Task goal -
Any pictures in the records below must be left out when you repeat the lines from the line containing "JAZZCD名称:The Very Best" through the line containing "2020年8月12日国际航运指数" exactly.

Excerpted data -
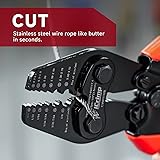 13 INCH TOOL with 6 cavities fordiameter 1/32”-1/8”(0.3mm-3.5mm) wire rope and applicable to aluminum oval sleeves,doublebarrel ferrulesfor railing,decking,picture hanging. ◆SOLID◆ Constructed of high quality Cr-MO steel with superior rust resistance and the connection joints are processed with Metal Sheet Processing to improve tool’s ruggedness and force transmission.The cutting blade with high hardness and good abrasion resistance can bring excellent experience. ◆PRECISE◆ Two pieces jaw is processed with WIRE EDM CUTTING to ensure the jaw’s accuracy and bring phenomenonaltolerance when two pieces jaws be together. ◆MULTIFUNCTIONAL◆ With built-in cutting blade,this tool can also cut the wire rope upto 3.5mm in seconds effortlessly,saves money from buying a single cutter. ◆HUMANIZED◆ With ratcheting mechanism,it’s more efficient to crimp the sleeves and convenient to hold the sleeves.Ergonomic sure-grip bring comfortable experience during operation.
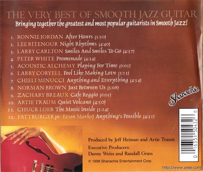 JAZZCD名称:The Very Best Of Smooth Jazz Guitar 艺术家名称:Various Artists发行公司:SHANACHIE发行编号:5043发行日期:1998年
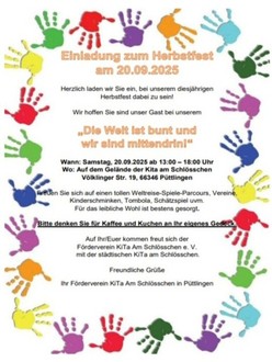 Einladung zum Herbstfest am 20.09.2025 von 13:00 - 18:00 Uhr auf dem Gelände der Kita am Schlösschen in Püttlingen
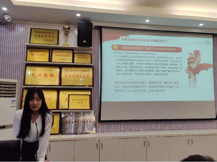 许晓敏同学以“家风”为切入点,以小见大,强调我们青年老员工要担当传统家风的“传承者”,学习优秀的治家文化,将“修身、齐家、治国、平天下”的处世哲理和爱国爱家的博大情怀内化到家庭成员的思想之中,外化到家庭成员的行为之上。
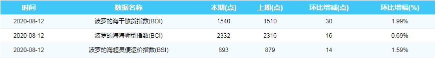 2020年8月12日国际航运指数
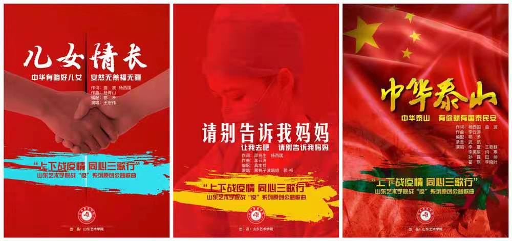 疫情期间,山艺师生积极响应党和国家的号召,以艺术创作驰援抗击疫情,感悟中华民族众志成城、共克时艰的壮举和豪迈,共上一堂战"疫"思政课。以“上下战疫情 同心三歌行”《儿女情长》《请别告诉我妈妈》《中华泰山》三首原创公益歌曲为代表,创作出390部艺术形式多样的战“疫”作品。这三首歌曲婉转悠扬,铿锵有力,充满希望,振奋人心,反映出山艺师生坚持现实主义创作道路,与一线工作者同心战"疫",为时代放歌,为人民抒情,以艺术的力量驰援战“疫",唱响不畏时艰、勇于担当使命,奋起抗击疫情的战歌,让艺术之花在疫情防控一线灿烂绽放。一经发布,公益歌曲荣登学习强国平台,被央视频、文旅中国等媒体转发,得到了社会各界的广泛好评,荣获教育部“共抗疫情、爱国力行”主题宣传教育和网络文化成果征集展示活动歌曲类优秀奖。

==

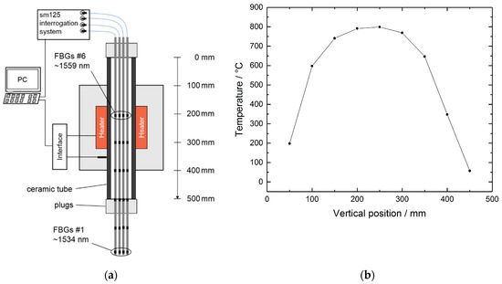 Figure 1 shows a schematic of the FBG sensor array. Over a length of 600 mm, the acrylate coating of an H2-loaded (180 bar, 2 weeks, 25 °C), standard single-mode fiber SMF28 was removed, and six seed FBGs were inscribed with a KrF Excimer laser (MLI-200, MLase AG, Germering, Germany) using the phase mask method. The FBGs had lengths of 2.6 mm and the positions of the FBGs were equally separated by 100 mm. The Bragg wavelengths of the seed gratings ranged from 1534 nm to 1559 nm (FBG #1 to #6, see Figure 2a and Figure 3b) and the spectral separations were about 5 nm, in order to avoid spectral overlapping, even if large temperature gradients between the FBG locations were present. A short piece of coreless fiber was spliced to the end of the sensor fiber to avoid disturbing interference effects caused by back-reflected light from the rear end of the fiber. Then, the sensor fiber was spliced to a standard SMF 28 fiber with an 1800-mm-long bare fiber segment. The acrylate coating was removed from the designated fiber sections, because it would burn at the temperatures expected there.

...

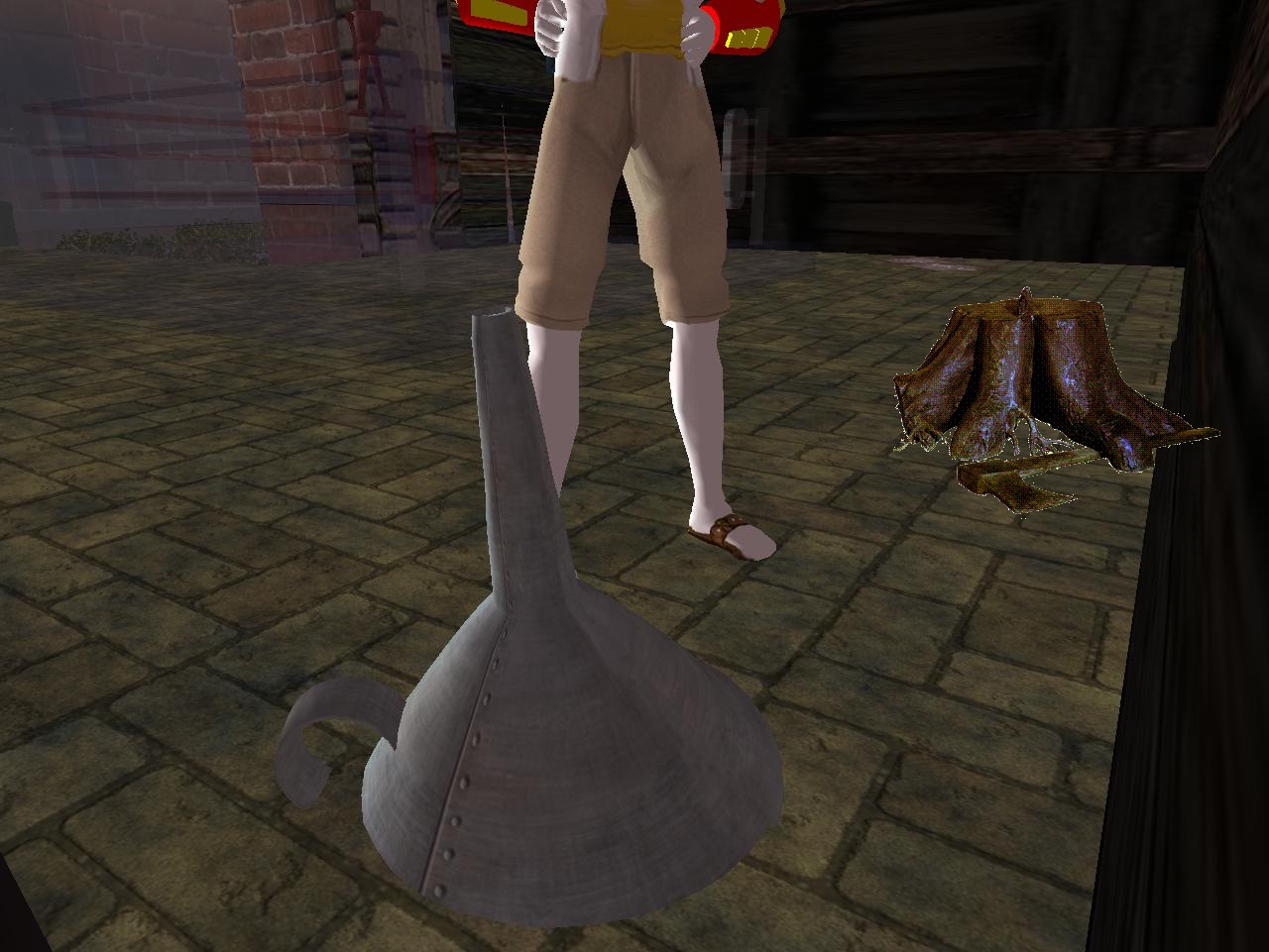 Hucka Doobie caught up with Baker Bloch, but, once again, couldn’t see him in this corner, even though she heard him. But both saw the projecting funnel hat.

Result for this task -
 JAZZCD名称:The Very Best Of Smooth Jazz Guitar 艺术家名称:Various Artists发行公司:SHANACHIE发行编号:5043发行日期:1998年
 Einladung zum Herbstfest am 20.09.2025 von 13:00 - 18:00 Uhr auf dem Gelände der Kita am Schlösschen in Püttlingen
 许晓敏同学以“家风”为切入点,以小见大,强调我们青年老员工要担当传统家风的“传承者”,学习优秀的治家文化,将“修身、齐家、治国、平天下”的处世哲理和爱国爱家的博大情怀内化到家庭成员的思想之中,外化到家庭成员的行为之上。
 2020年8月12日国际航运指数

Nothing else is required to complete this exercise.